Getting “it” and losing “it”

Anne: I’m feeling bored with what we are doing right now. I want to actually do this work, rather than just describe what is happening for us in this room. I want to do get into my fixations. I want to see how I’m fixating, and how to avoid this.

Peter F: Can you see that you are fixating right now? You are creating that this isn’t it. Actually you can see from your mood and the way you are holding your body that you are stuck. Given the general mood you are in, whatever you say, it will be an expression of the feeling that this just isn’t it.

Anne: Yes. I can see that. I know that I’d like things to be different, but just wanting it to be different isn’t changing anything. And you’re right. I do feel stuck with this.

[Pause]

Peter F: You seem to be wanting me to do something. It also feels as though you want some attention directed specifically towards you, in the hope that something will then shift.

Anne: Well yes. I do.

Claude: I’d like to ask if ….

Peter F: Please excuse me interrupting. We will come back to your query. But I’m just wanting to observe Anne, that you are already poised to interpret WHATEVER Claude is about to say as “more boring description”. At this moment you are predisposed to interpret whatever you hear as less than relevant. In other words you are predisposed to create that “this isn’t it.”

Anne: Hm, yes. Well, I prefer what you are saying now. This is more like what I’ve been wanting to do. I’m finding this useful.

Peter F: Perhaps. But now you are starting to move in the opposite direction. You are interpret- ing that this is it, or at least that this is closer to how things should be. Your experience is suddenly lighter. You don’t feel particularly stuck at this point. In fact, in the absence of any obstruction this could evolve into an experience of …

Anne: I’ve got it. I just got it. I’ve got what this whole process is for.

[Silence]

Henri: What happened? What did you do?

Anne: Nothing. Henri: But you must have done something. You seem so certain and clear.

[Silence]

Henri: So what is it?

Anne: I don’t know. I can’t say what it is. I can’t describe it, but I’ve got it.

[Silence]

Henri: But if you can’t say what it is, how do you know you’ve got it.

Anne: But I have got it. I know. There’s no need to know what it is. I’ve just got it. There isn’t anything to know.

Henri: But what about the Zen saying Peter sometimes quotes, that “the moment you think you’ve got, you’ve lost it.”

Anne: You can’t take this away from me because in fact there isn’t any IT. There is nothing to lose.

Michelle: But it still seems to me that you are saying that this is it, because you like it. Before, when you were feeling frustrated and bored you said that that wasn’t it, and now you are obviously feeling great, so you think that “This is it.”

Anne: This has got nothing to do with what I want. In fact I don’t want this. It just IS.

[Silence]

Henri: I’m feeling uncomfortable right now. I’m not finding this very helpful or interesting.

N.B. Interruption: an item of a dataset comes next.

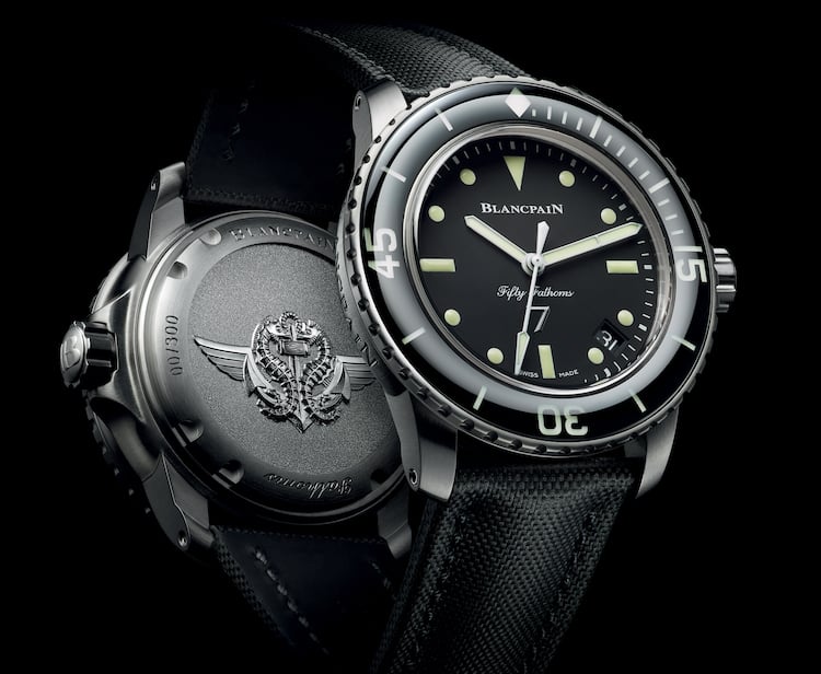 Tra le novità della maison, il Nageurs de Combat, in edizione limitata a soli 300 pezzi e pensato per omaggiare con le sue linee gli illustri predecessori della serie Fifty Fathom. Nello specifico, l’ispirazione arriva da alcuni segnatempo Blancpain realizzati nel 1953 per soddisfare le richieste del corpo dei sommozzatori francese. Un dna ancora presente oggi nel nuovo arrivato, con lunetta unidirezionale e quadrante nero con indicatori dell’orario dalle forme triangolari, rettangolari e rotonde ad alternarsi.Altro significativo omaggio al passato è presente a ore 6 dove, guardando con attenzione, è possibile notare un numero 7, che indica il record di metri di profondità raggiunti dai cosiddetti uomini-rana, facendo ricorso esclusivamente alle loro capacità fisiche. Sul retro è presente un’incisione con il simbolo dei sommozzatori transalpini, a sottolineare il legame tra la casa svizzera e la marina francese. La cassa da 45 mm è in acciaio satinato e custodisce al suo interno il movimento a carica automatica calibro 1315, con riserva di cinque giorni.

Peter F: Your reaction isn’t really surprising. When we think that someone else has got it, generally either of two things can happen. We can feel that we want it too, in which case we validate the experience. Or, we can negate the experience by dissociating from it. If we latch onto the experi- ence-if it feels highly desirable-then we want to know what it is and how it occurred, in the hope that we can participate in the same experience. We start asking: “What is it?” and “How did it happen?” just as some of you have done. Alternatively, if we feel that we can’t participate in the experience, we may try to invalidate it. Our jealousy can lead us to express indifference, or even to negate the experience by suggesting that “they just think they’ve got it”, or that they are just fixating on their experience. Henri, you began by wanting to join Anne in her experience. To some extent you were basking in the afterglow of her breakthrough. But now that you feel you can’t personally participate in it you are expressing disinterest in what has happened for her.

Henri: I can see that.

Anne: I’m just thinking. I could lose this. I’m wondering if there is a different experience that is completely invincible.

Peter F: Be careful! (Laughing) You can’t afford to think like that.

Maurice: My understanding is that enlightenment is permanent.

Peter F: You have to be very careful who you listen to right now.

Anne: What do you mean?

Peter F: If you take Maurice’s suggestion seriously and begin to participate in his construction, your present experience will very quickly dissipate.

Anne: So what should I do? Who should I listen to?

Peter F: I’m just pointing out the consequences of the different interpretations you could take on board.

Anne: I already feel that something has been taken from me.

Peter F: But you say that as though you have no role in it. If we hang onto something for long enough, it is bound to shift at some point. In fact, the moment we judge that it is valuable we have already distorted the original experience which lay beyond any judgment of good or bad, desirable or undesirable. Extracted from a course held in Switzerland. Except for Peter F (Peter Fenner), the names don’t correspond to actual participants in the course.